TASK INPUT:
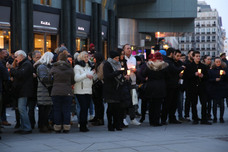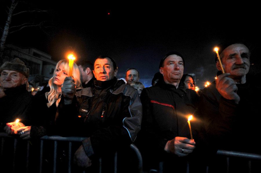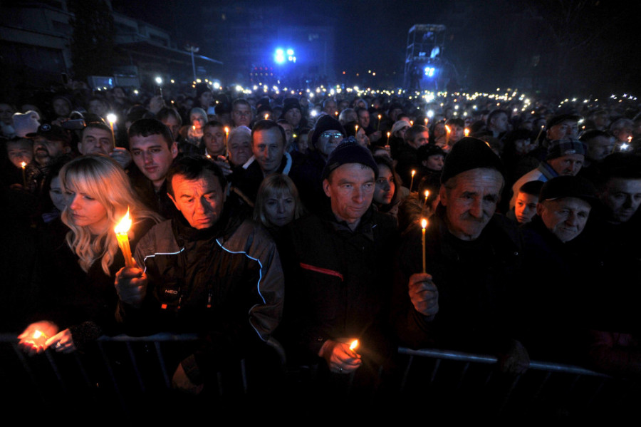 Na trgu u Aleksincu okupio se veliki broj građana, koji, kao i gosti, predstavnici državnih institucija i valde, drže sveće u čast poginulih u bombardovanju.
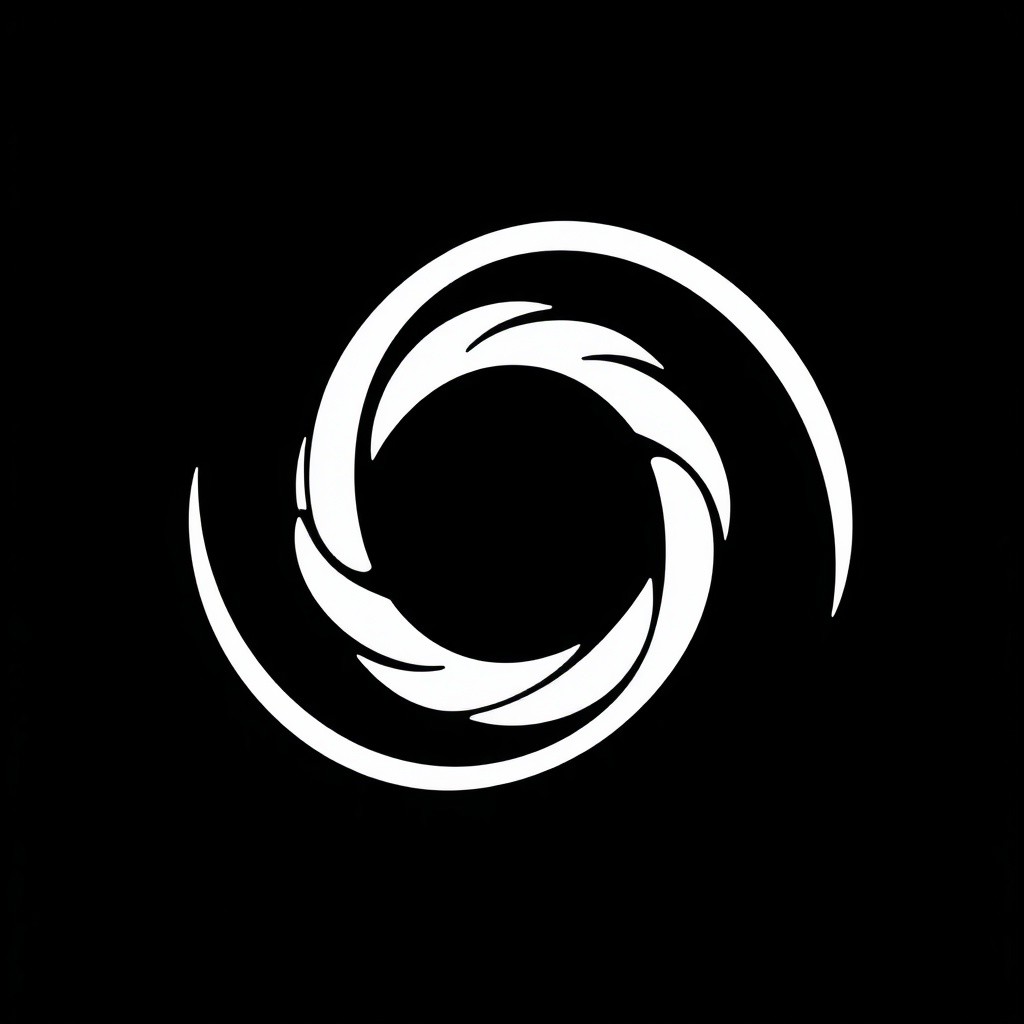 (stylized logo, emblem, vector art), (spiral in the form of a circle), (solid colors, thick-linework), white outline, black background, spiral in the form of a circle symbol white in the center, heraldic, black background, HDR, UHD,
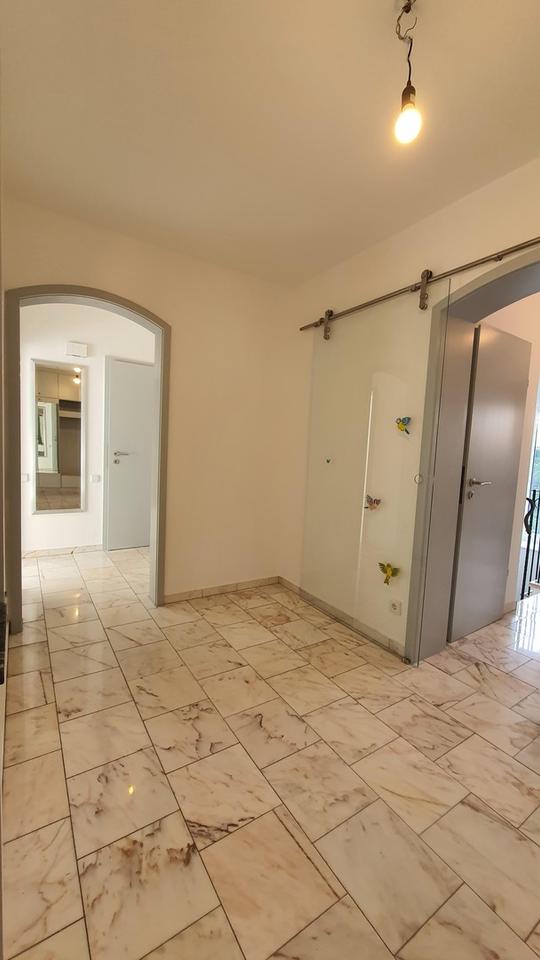 Wohn-und Esszimmer sind mit Echtholz-Parkett, alle weiteren Böden der Wohnung incl. Küche und Gäste-WC sind mit hochwertigen weißem Marmorboden belegt. In der Diele befinden sich neben der offenen Garderobe mit Schuhschrank mehrere Einbau/ Abstellschränke, die mit Regalen und Kleiderstangen versehen sind. Das Schlafzimmer ist mit einem deckenhohen, dreiteiligen Schiebetüren-Kleiderschrank ausgestattet.
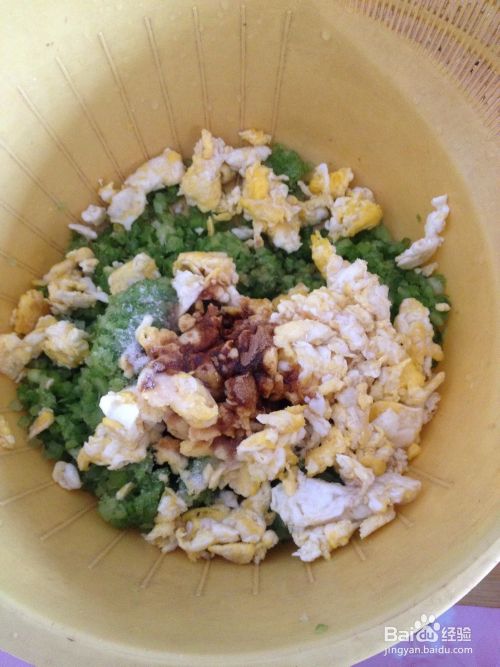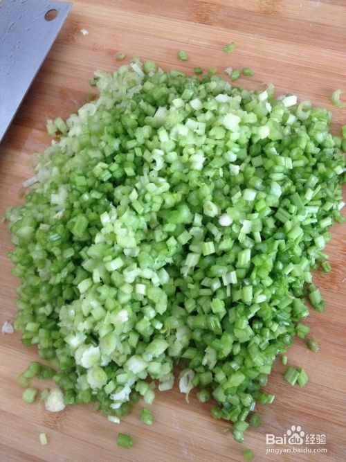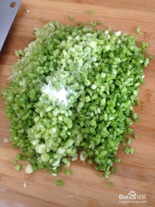 芹菜择叶洗净,切丁后撒少许盐剁成馅,(这样是为了让芹菜里的水分出来)
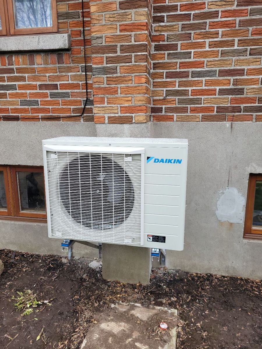 Remplacement d'une fournaise soit électrique ou Mazout par une fournaise de type électrique et l'ajout et ou le remplacement d'une thermopompe Centrale de Marque Daikin Fit de type à décharge latéral qui prend peu d'espace dans votre cours en plus d'êtres siclencieuse.
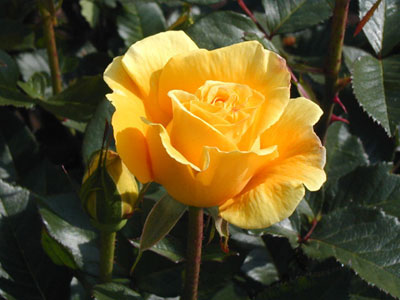 HT/四季咲き/八重/半剣弁高芯咲き/イエロー/香り1 葉 濃緑色、照り葉/ブッシュ直立性/120
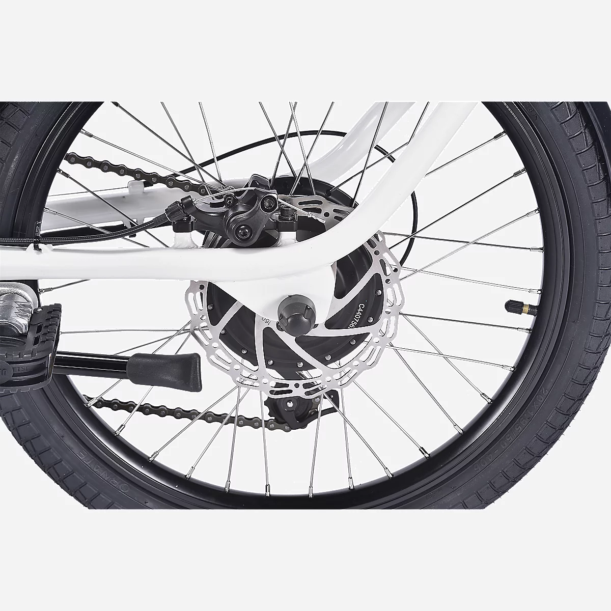 Pensé pour une utilisation urbaine quotidienne et la prise de transports, le E-FLEX 2.0 est le vélo électrique pliable de taille unique. Il est équipé d’une batterie lithium-ion 36V 345Wh logée dans le porte-bagage et d’un moteur arrière de 250W/45Nm.
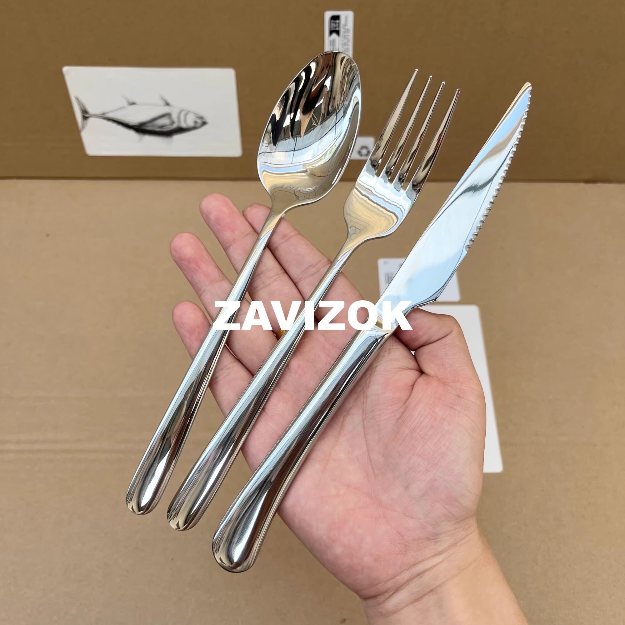 厚みをつけたステンレス製の西洋食器、ステーキプレートセットナイフとフォーク、2ピースセット、ステーキナイフ、フォーク、スプーン、3ピースセット
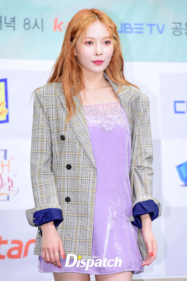 현아는 지난 19일 진행된 K STAR '트리플H 흥신소' 제작발표회에 참석했는데요. 아찔한 란제리룩을 선보였습니다.
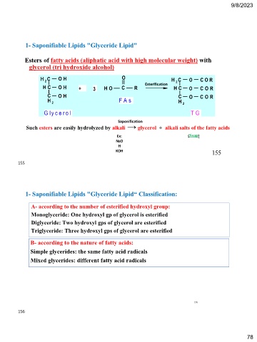 1- Saponifiable Lipids "Glyceride Lipid“ Classification:
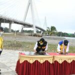 JAKARTA – Menteri Keuangan (Menkeu) Sri Mulyani Indrawati menandatangani prasasti penanda aset proyek Jembatan Pulau Balang. Jembatan ini memiliki fungsi sentral sebagai
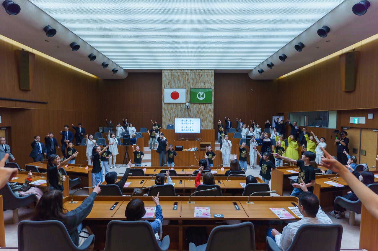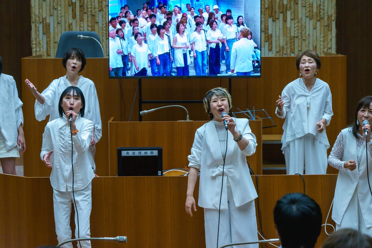 プログラムの最後には、出演者全員と議員、来場者がひとつになって歌い、感動のフィナーレを迎えました。
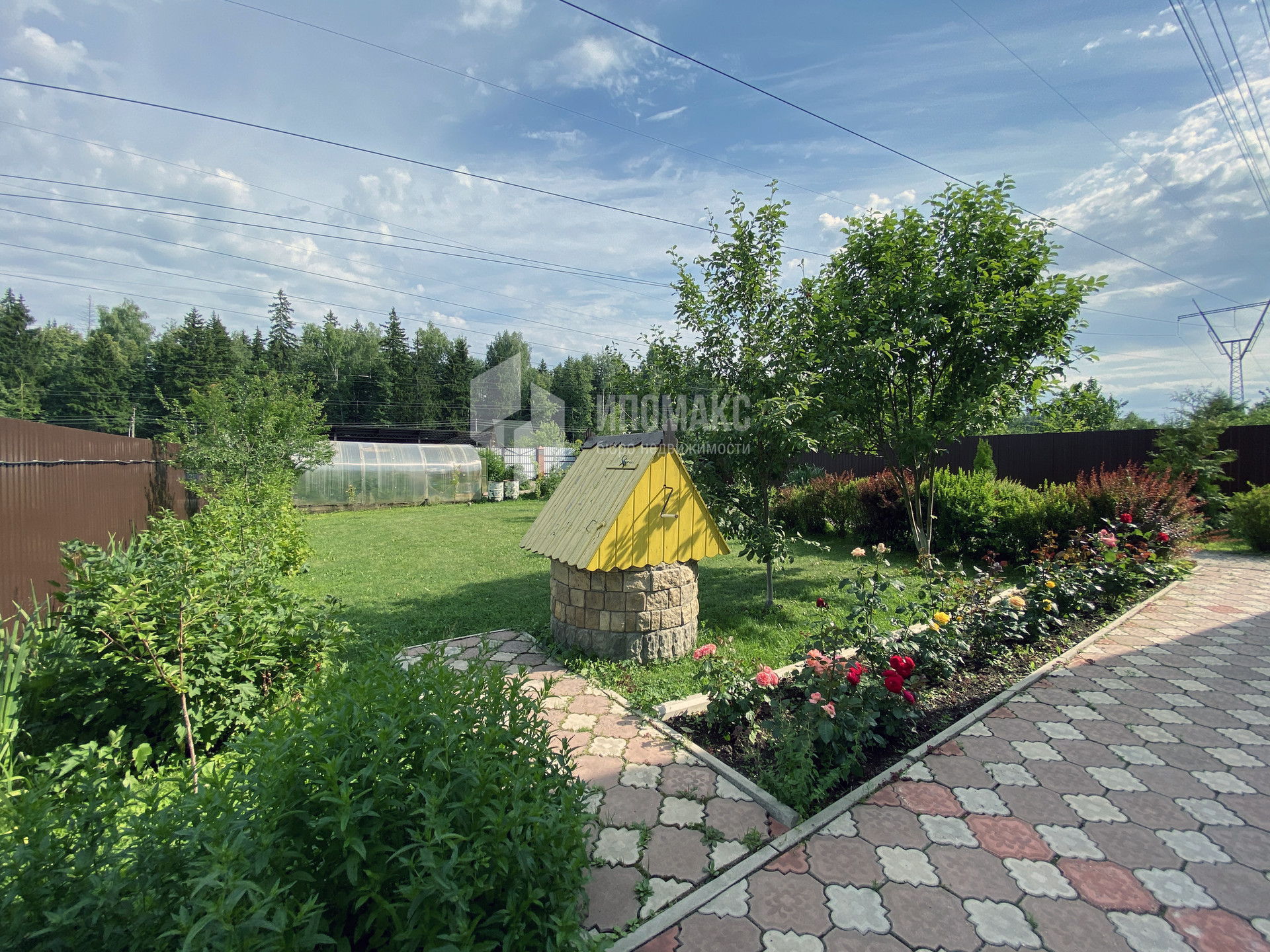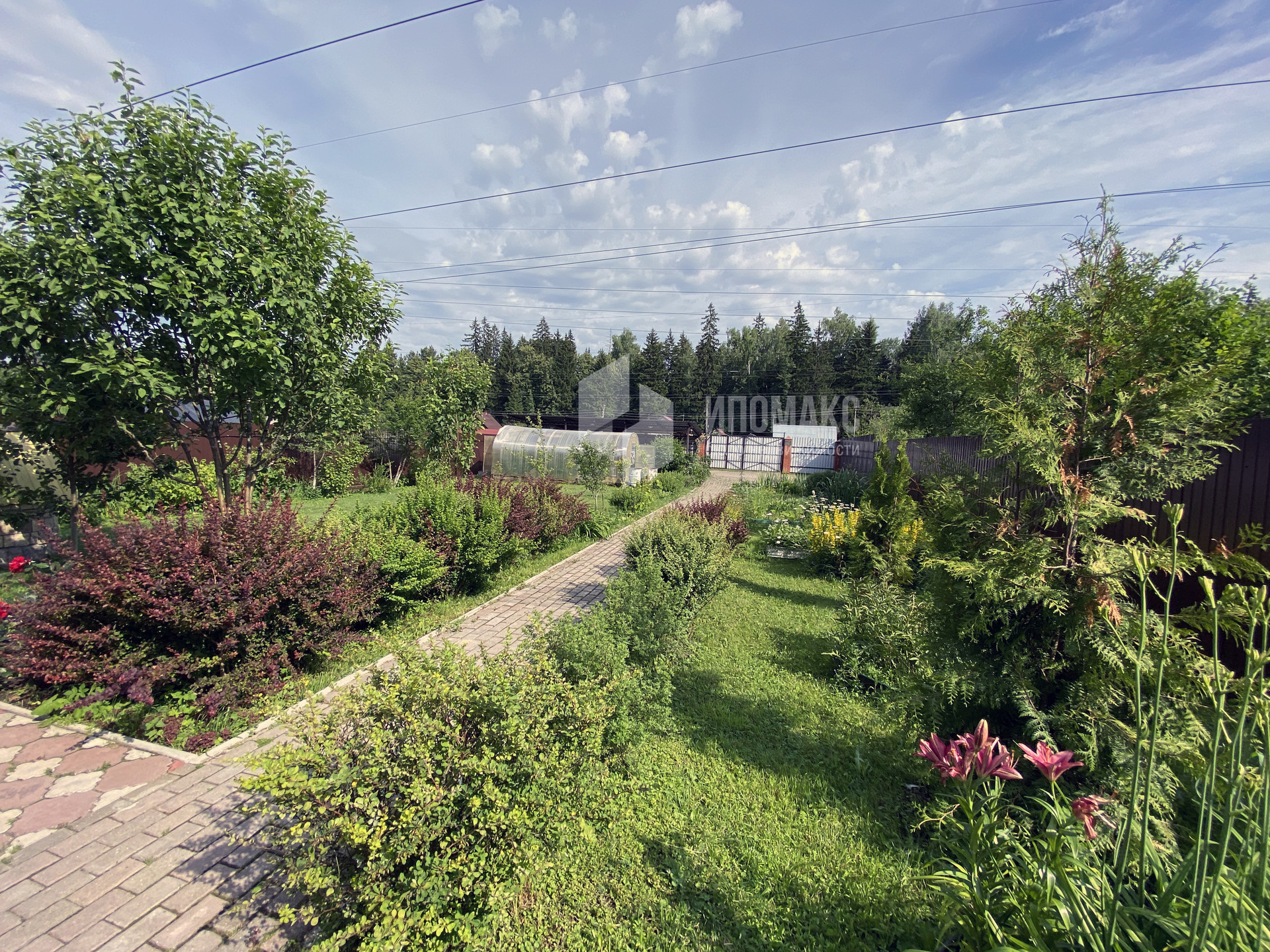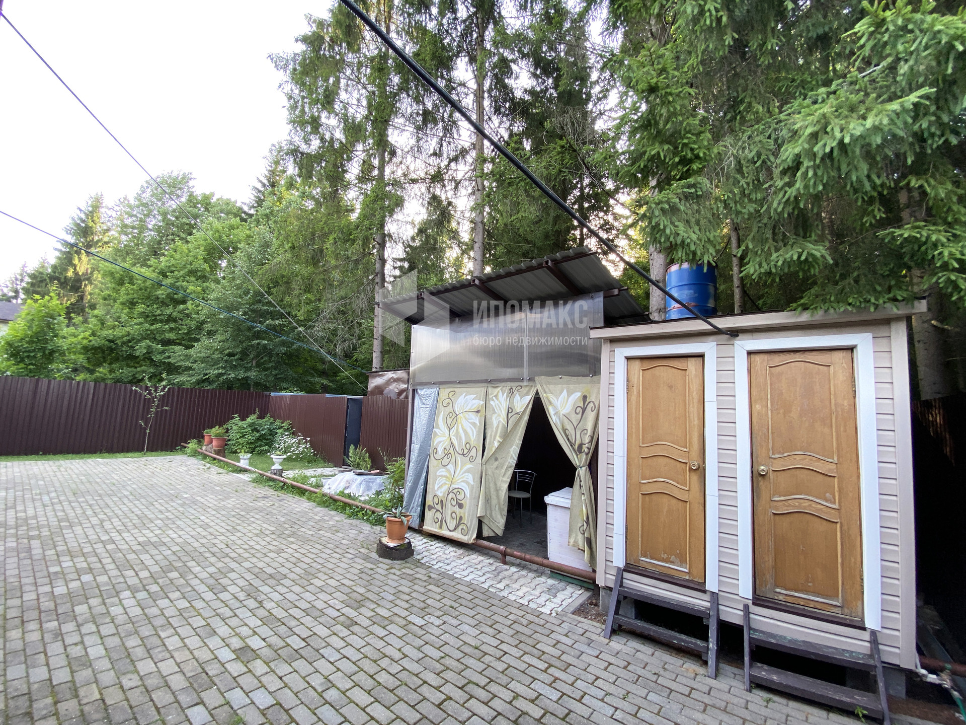 Построен навес на 2 автомобиля с мастерской, распашные ворота, парковочные места и дорожки на участке выложены брусчаткой.

WORK INSTRUCTIONS:
An exact printout of the entries is wanted, covering the first line through the line holding "(stylized logo, emblem, vector", with pictures kept out of it.

SOLUTION:
 Na trgu u Aleksincu okupio se veliki broj građana, koji, kao i gosti, predstavnici državnih institucija i valde, drže sveće u čast poginulih u bombardovanju.
 (stylized logo, emblem, vector art), (spiral in the form of a circle), (solid colors, thick-linework), white outline, black background, spiral in the form of a circle symbol white in the center, heraldic, black background, HDR, UHD,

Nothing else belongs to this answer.